Risk Insights | Sahouri Journal

How Partnerships Between Vendors Improve Community Industry

Written by Crishana Loritsch | February 2, 2026


This article was authored by Crishana Loritsch, CMCA, AMS, PCAM and first appeared on Quorom Magazine, the award-winning premier publication of the Washington Metropolitan Chapter Community Associations Institute. Alignment. Collaboration. Cooperation. These are just a few of the components necessary in creating strong and successful partnerships. Partnerships are instrumental in the community association industry because they provide access to resources, expertise, and broader networks, enabling associations to be more effective and impactful. Building and maintaining strong relationships and partnerships makes the work of management not only easier but allows for more energy and resources to be further invested into your communities.

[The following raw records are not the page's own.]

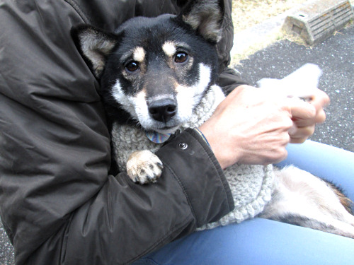 以前に編んだセーターを着てみました。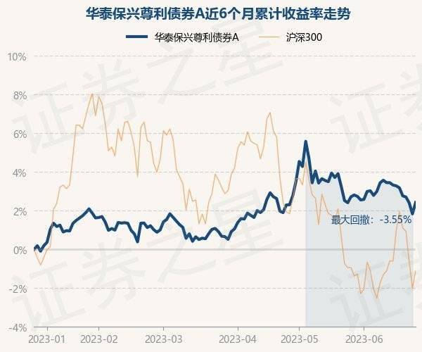 6月27日,华泰保兴尊利债券A最新单位净值为1.2237元,累计净值为1.2837元,较前一交易日上涨0.58%。历史数据显示该基金近1个月下跌0.28%,近3个月上涨1.76%,近6个月上涨2.43%,近1年上涨0.98%。该基金近6个月的累计收益率走势如下图: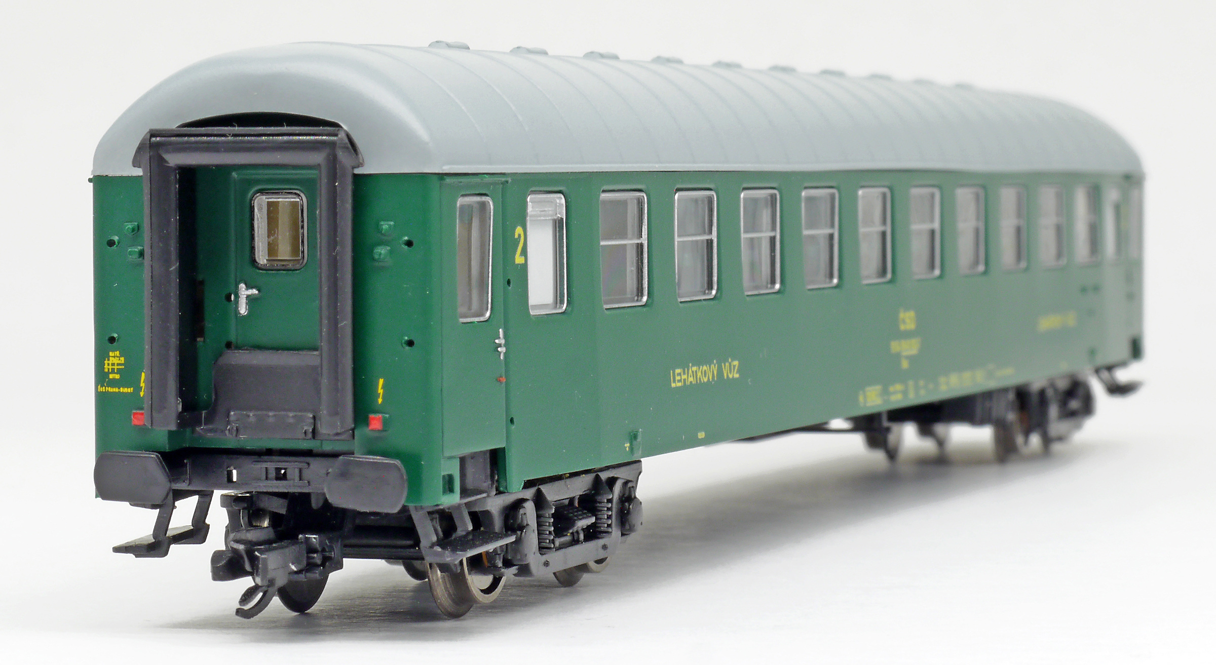 | lehátkový vůz zelený s šedou střechou 2. tř., Praha |

Adopting and fostering four core principles of understanding, transparency, trust, and equity are essential to creating a sustainable partnership. Across each principle, you should remain accountable to the community’s priorities and preferences. Four pillars of good partnership can assist with this: (1) do your homework; (2) create equity; (3) commit to transparency; and (4) build and maintain trust.
Pages

Do Your Homework

Develop an understanding of your community and its board of directors, who are tasked with making the best business decisions as fiduciaries. Keep in the forefront of your thinking that this is their community and as such, it is incumbent that you provide them with the best resources available to help them achieve their goals. Be curious. Ask questions. Before starting any partnership, define goals and expectations. Do not assume that you know what the other party wants. Making assumptions without clearly defined expectations may result in unnecessary challenges as the relationship progresses.

Create Equity

Understand the internal power dynamics amongst your board members. Be ready to hear both the more vocal and quieter voices. Listen more, talk less. This can be challenging for management professionals, especially when we feel that lending voice to our expertise strengthens our position with our board of directors. While tensions may arise from differing points of view and how to get things accomplished, being aware that these exist will help your partnerships.

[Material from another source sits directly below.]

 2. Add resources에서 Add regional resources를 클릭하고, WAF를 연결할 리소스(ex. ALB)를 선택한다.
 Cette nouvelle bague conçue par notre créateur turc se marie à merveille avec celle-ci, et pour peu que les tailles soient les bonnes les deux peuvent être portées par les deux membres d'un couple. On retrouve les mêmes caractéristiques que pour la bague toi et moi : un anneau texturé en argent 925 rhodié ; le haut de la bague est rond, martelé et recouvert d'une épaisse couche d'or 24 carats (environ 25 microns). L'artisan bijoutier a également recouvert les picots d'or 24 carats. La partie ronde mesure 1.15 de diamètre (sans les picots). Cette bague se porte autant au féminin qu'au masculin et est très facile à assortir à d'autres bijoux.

Creating an environment in which all parties feel comfortable in speaking openly and honestly is essential to lasting partnerships. Intentionally build opportunities for communication, where feedback can be provided and discussions can ensue, whereby you can respond to their input with follow up questions, further discussion, and identify concerns that are actionable and correctable.

Practice regular check ins. Do not allow too much time to pass between conversations. While some partnerships require weekly check-ins, others may require monthly checks, while others only need quarterly checks-ins. Determine what that looks like for you and your partnership relationships and stick to it.

Committing Transparency

Transparency is key to a trusted partnership. Be clear about intentions and goals from the beginning. Each partner should be able to answer how they plan to contribute toward the relationship and what they hope to gain from the relationship. This is not to be confused with abuses of quid pro quo. One should never enter in a partnership based on providing a "thing of value" to influence the other party to make a decision that benefits the company or persons providing a service.

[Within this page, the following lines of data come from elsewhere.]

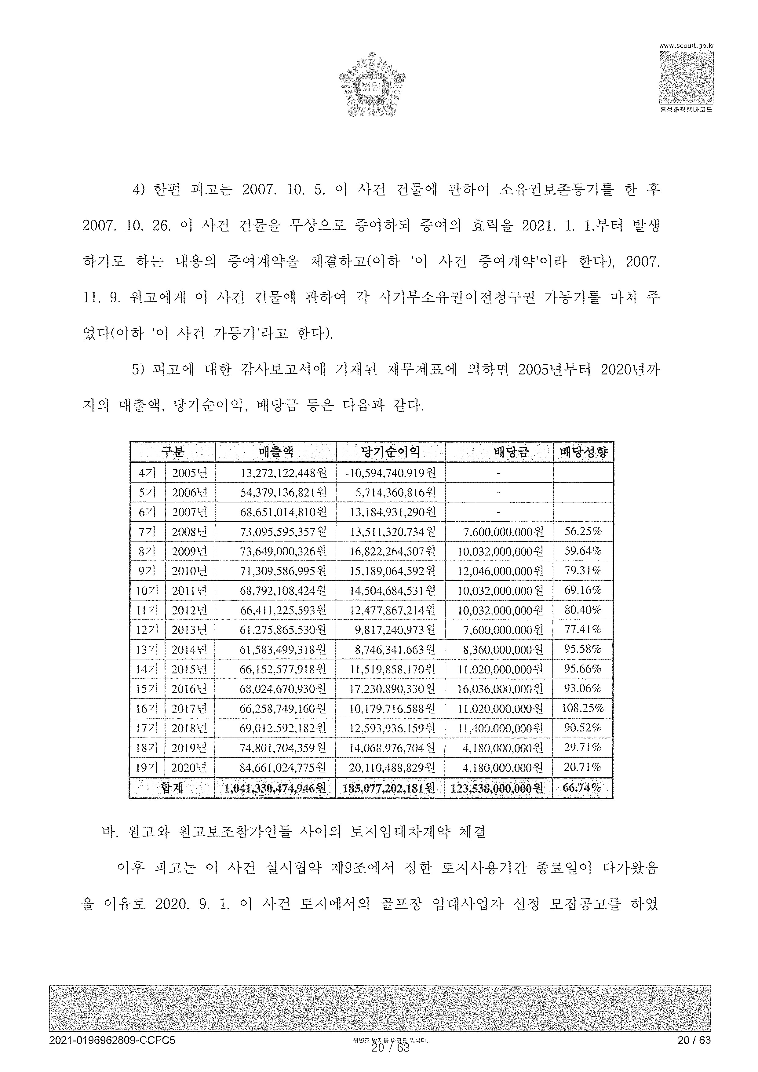 ■스카이72가 인천공항에 골프장을 지어 벌어들인 매출과 순익, 배당금 내역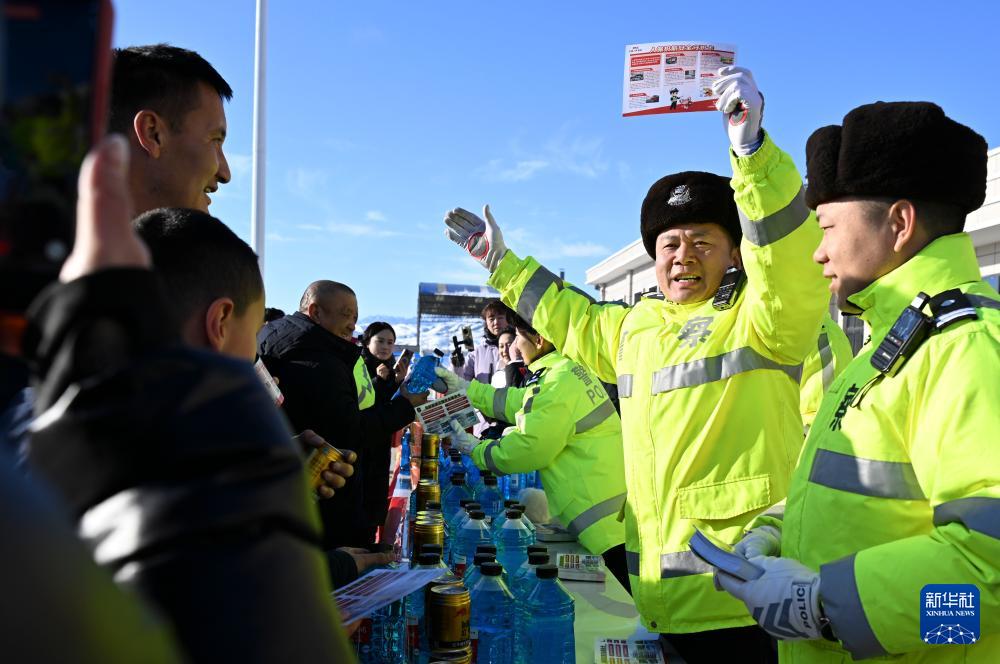 2月2日,在烏尉高速公路永豐服務區(qū),烏魯木齊市公安局交管支隊烏拉泊大隊民警向過往司乘人員進行安全出行宣傳。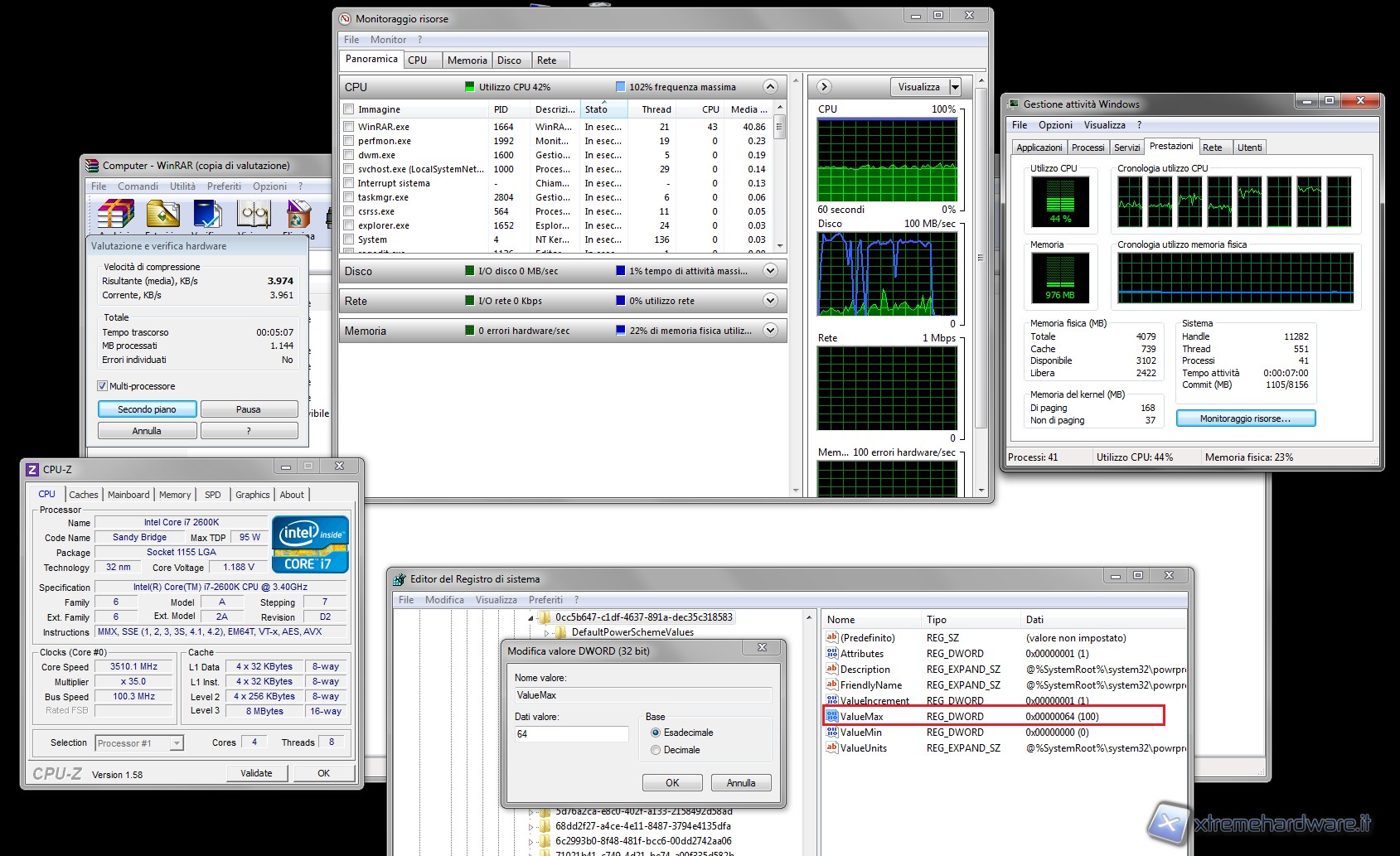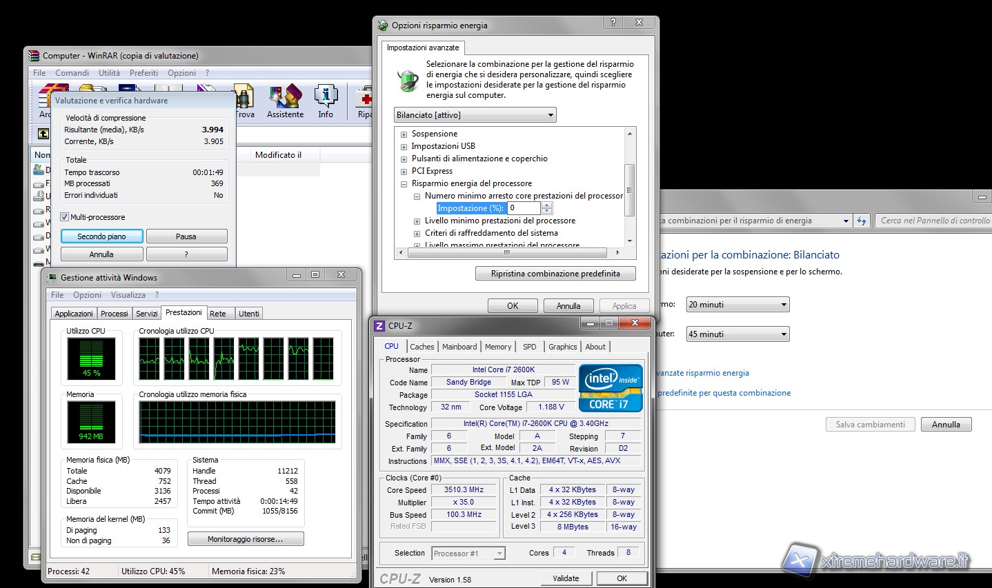 Core parking in Windows Seven: prestazioni di WinRaR con Sandy Bridge

Discuss anything that could lead to tensions. Do not allow minor issues to fester into larger ones. Be ready to address any issues that may arise due to deficiencies in the work performed or services provided and be solution driven.

Establish clear roles and responsibilities. This makes expectations clear, affirms accountability, and promotes power sharing.

Practice accountability. Hold yourself and others on your team accountable. This means taking responsibility for both intended and unintended consequences of our actions. Regardless of intentions, we are human, and mistakes happen. When mistakes are inevitably made, acknowledge it, state your commitment to remedy the problems and most importantly, act differently in the future. Do not get caught in the cycle of the blame game. Address issues quickly and work toward resolution that is equitable for all involved.

Build and Maintain Trust

Partnership is easy when you trust one another, however, building trust takes time and effort. Building trust requires intentionality.

Make a plan and stick to it. Following up and following through are essential to building and maintaining trust.

Leverage resources available to you that assist your partners outside of the scope of work or project on which you are working. Sharing your unique skills, resources and connections with your partners helps to establish interdependence. You move from having a transactional relationship to becoming a strategic partner, trusted advisor, and valuable resource.

Do you have ideas for expanding opportunities for collaboration outside of the current project? Share them. Do not be reticent to share those ideas but rather, offer them readily. You will be surprised that in many instances, your partner needed additional help but did not know how to ask or thought of it as an imposition.

Final Thoughts

Successful partnership relationships are the backbone of thriving communities. Alignment is critical for partnerships because it provides a foundation of shared goals, vision, and values, which leads to increased trust, better collaboration, and more successful outcomes. Without alignment, partnerships can suffer from conflicting objectives, wasted resources, and a lack of trust, while a high degree of alignment ensures partners are working toward the same results and can navigate challenges more effectively.